- [What this task involves] This exercise asks for an exact copy of every entry below, with pictures omitted.

(Data records)
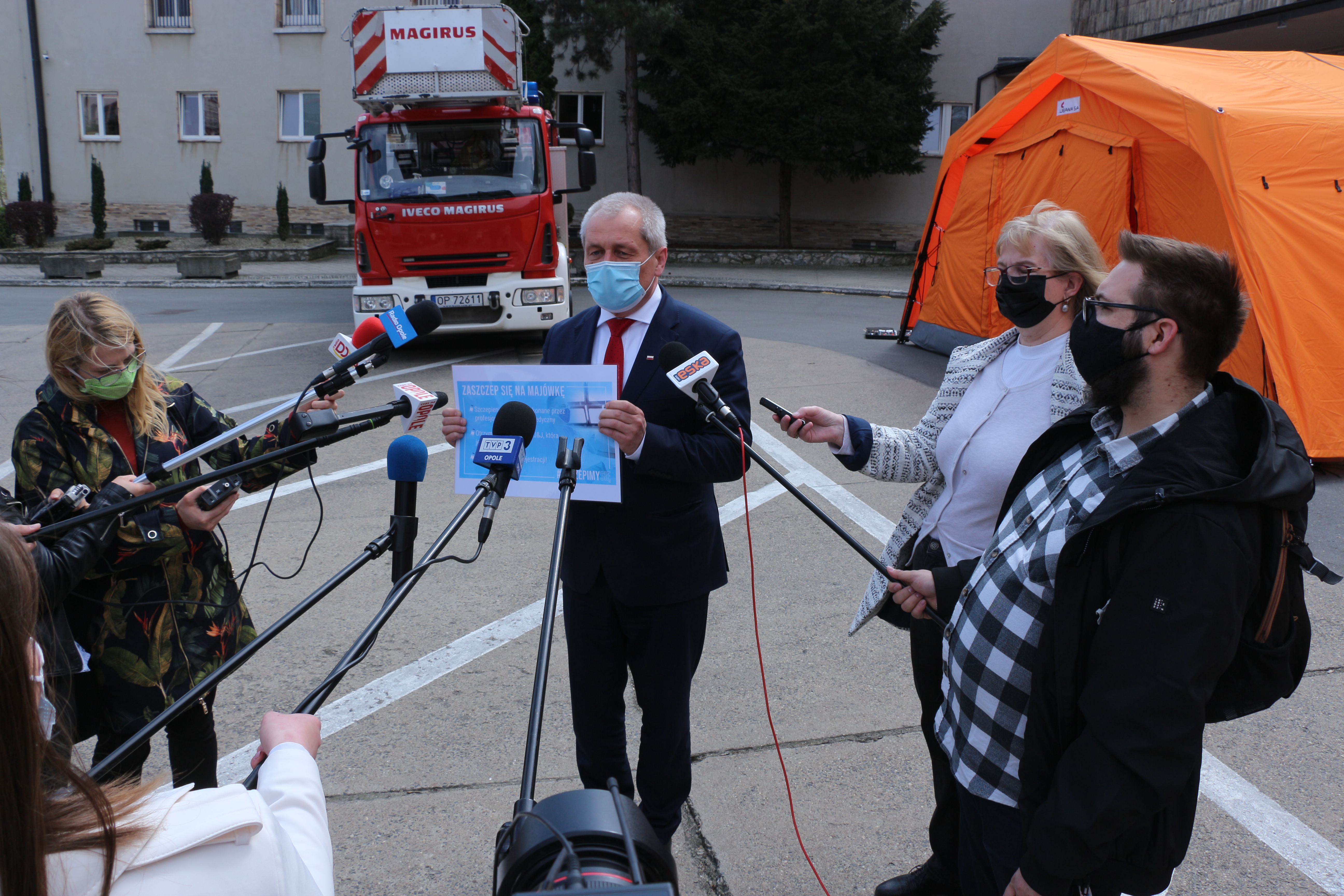 - Dawek będzie łącznie 2,5 tysiąca. Liczymy, na to, że przerób tego punktu na dwóch namiotach z kadrą medyczną będzie odpowiedni do tego, żeby wyszczepić wszystkich tych, którzy wyrażą chęć. Są trzy zespoły szczepienne, składające się z pielęgniarek, lekarzy i ratowników medycznych. Kadra jest z Krapkowickiego Centrum Zdrowia – wyjaśniał podczas dzisiejszego briefingu prasowego wojewoda opolski Sławomir Kłosowski. Dziś pod urzędem strażacy stawiali bowiem pierwsze namioty do szczepień.
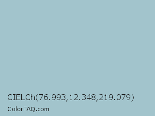 CIELCh 76.993,12.348,219.079 Color is a light cyan color and the nearest color is Opal #a9c6c2. Hex code #a2c4cc and RGB value is rgb(162,196,204). In RGB color space, this color is composed of 64% red, 77% green, 80% blue, In CMYK color space, this color is composed of 21% cyan, 4% magenta, 0% yellow , 20% black , In HSL color space, this color has a hue angle of 191° , 29% saturation and 72% lightness.
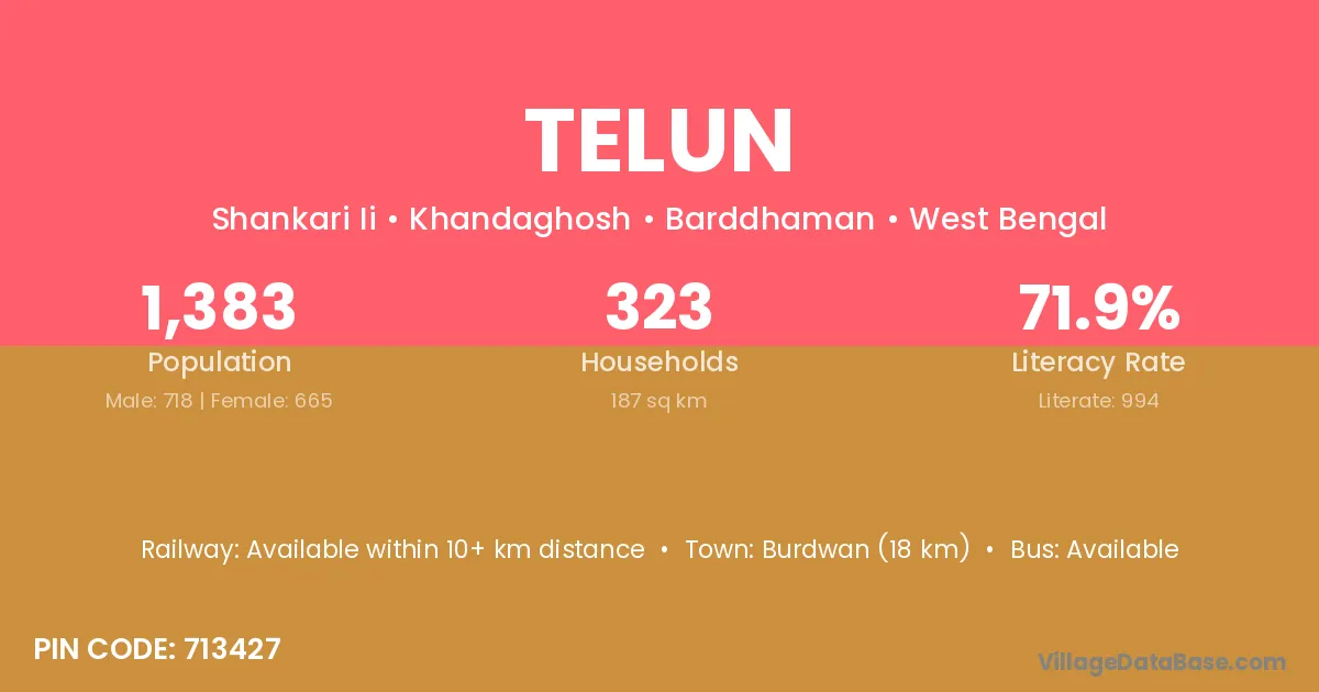 Burdwan (18 km) is the nearest town to Telun village for major economic activities and is located approximately 18 km away.
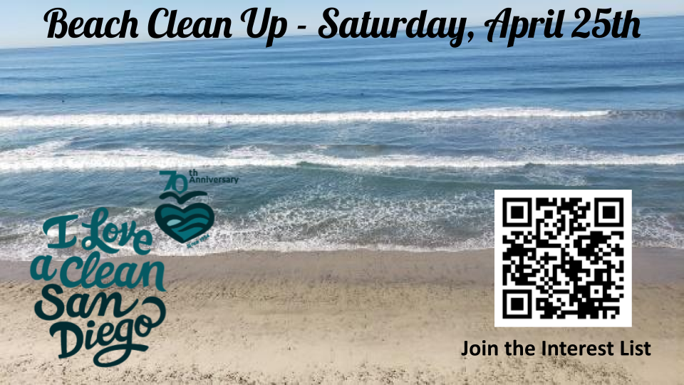 A group is forming to participate in a beach clean up day in conjunction with I Love a Clean San Diego’s 70th anniversary. Click here to join the interest list and receive further information.
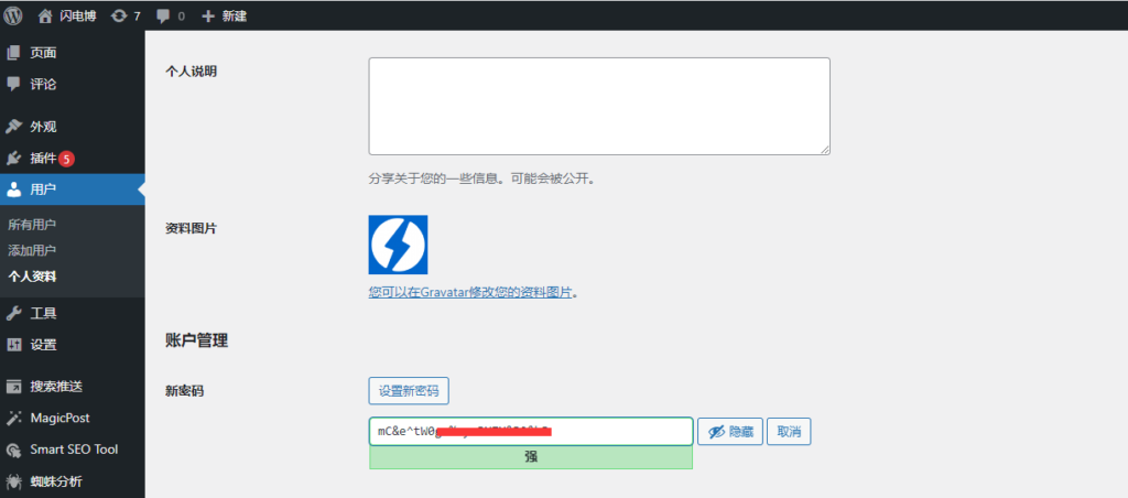 您可以通过转到“用户”>“所有用户”或直接“用户”>“个人资料”来更新WordPress中的密码和电子邮件。向下滚动并在联系信息下找到电子邮件,在帐户管理下找到新密码。
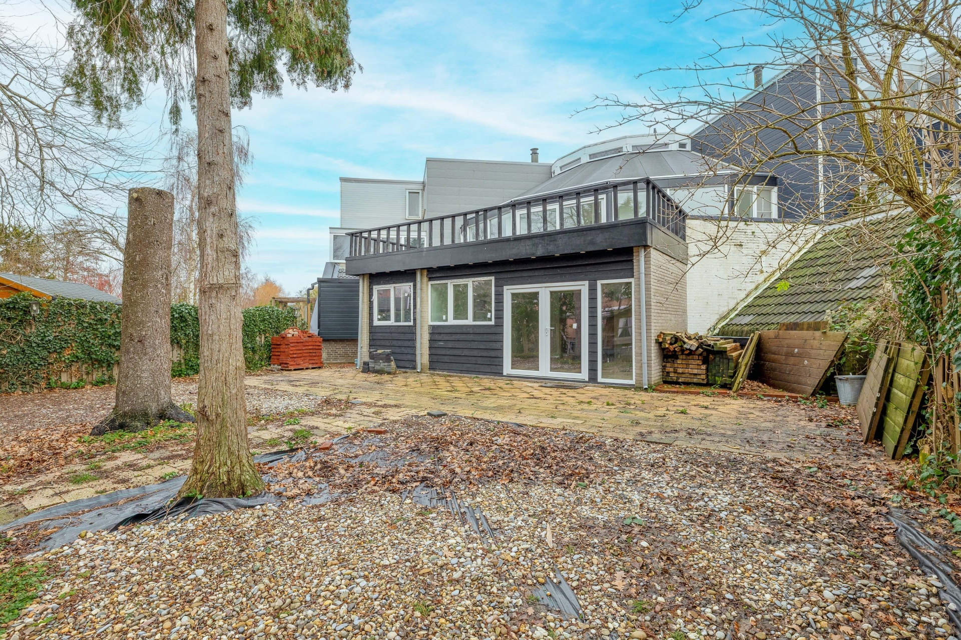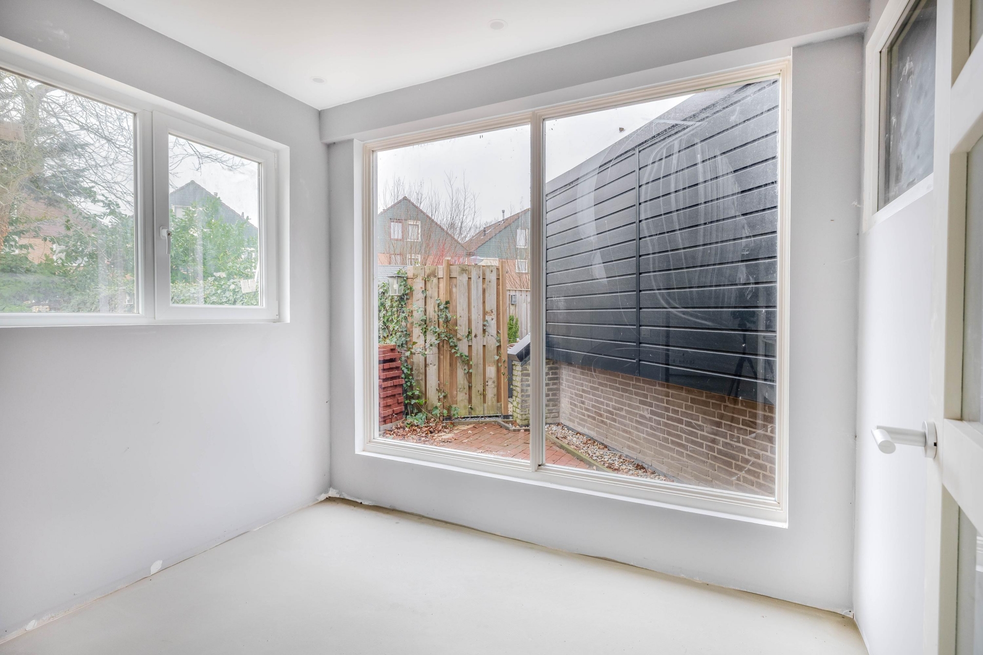 Wat meteen opvalt bij binnenkomst is de speelse, open opzet van dit huis. De woonkamer van ca. 31 m² voelt licht en ruim aan dankzij de grote raampartijen aan de tuinzijde. In de aangrenzende moderne open keuken is gekozen voor lichte fronten en een robuust gasfornuis, met volop werkruimte en kastruimte – een fijne plek voor kookliefhebbers. De begane grond is uitgebreid met een praktische aanbouw (2021) voor meer leefruimte en op de begane grond bevinden zich twee slaapkamers van de vijf slaapkamers. Ideaal als je gelijkvloers wilt wonen, werkt aan huis of op zoek bent naar een extra logeerkamer.

- [Finished exercise]
 - Dawek będzie łącznie 2,5 tysiąca. Liczymy, na to, że przerób tego punktu na dwóch namiotach z kadrą medyczną będzie odpowiedni do tego, żeby wyszczepić wszystkich tych, którzy wyrażą chęć. Są trzy zespoły szczepienne, składające się z pielęgniarek, lekarzy i ratowników medycznych. Kadra jest z Krapkowickiego Centrum Zdrowia – wyjaśniał podczas dzisiejszego briefingu prasowego wojewoda opolski Sławomir Kłosowski. Dziś pod urzędem strażacy stawiali bowiem pierwsze namioty do szczepień.
 CIELCh 76.993,12.348,219.079 Color is a light cyan color and the nearest color is Opal #a9c6c2. Hex code #a2c4cc and RGB value is rgb(162,196,204). In RGB color space, this color is composed of 64% red, 77% green, 80% blue, In CMYK color space, this color is composed of 21% cyan, 4% magenta, 0% yellow , 20% black , In HSL color space, this color has a hue angle of 191° , 29% saturation and 72% lightness.
 Burdwan (18 km) is the nearest town to Telun village for major economic activities and is located approximately 18 km away.
 A group is forming to participate in a beach clean up day in conjunction with I Love a Clean San Diego’s 70th anniversary. Click here to join the interest list and receive further information.
 您可以通过转到“用户”>“所有用户”或直接“用户”>“个人资料”来更新WordPress中的密码和电子邮件。向下滚动并在联系信息下找到电子邮件,在帐户管理下找到新密码。
 Wat meteen opvalt bij binnenkomst is de speelse, open opzet van dit huis. De woonkamer van ca. 31 m² voelt licht en ruim aan dankzij de grote raampartijen aan de tuinzijde. In de aangrenzende moderne open keuken is gekozen voor lichte fronten en een robuust gasfornuis, met volop werkruimte en kastruimte – een fijne plek voor kookliefhebbers. De begane grond is uitgebreid met een praktische aanbouw (2021) voor meer leefruimte en op de begane grond bevinden zich twee slaapkamers van de vijf slaapkamers. Ideaal als je gelijkvloers wilt wonen, werkt aan huis of op zoek bent naar een extra logeerkamer.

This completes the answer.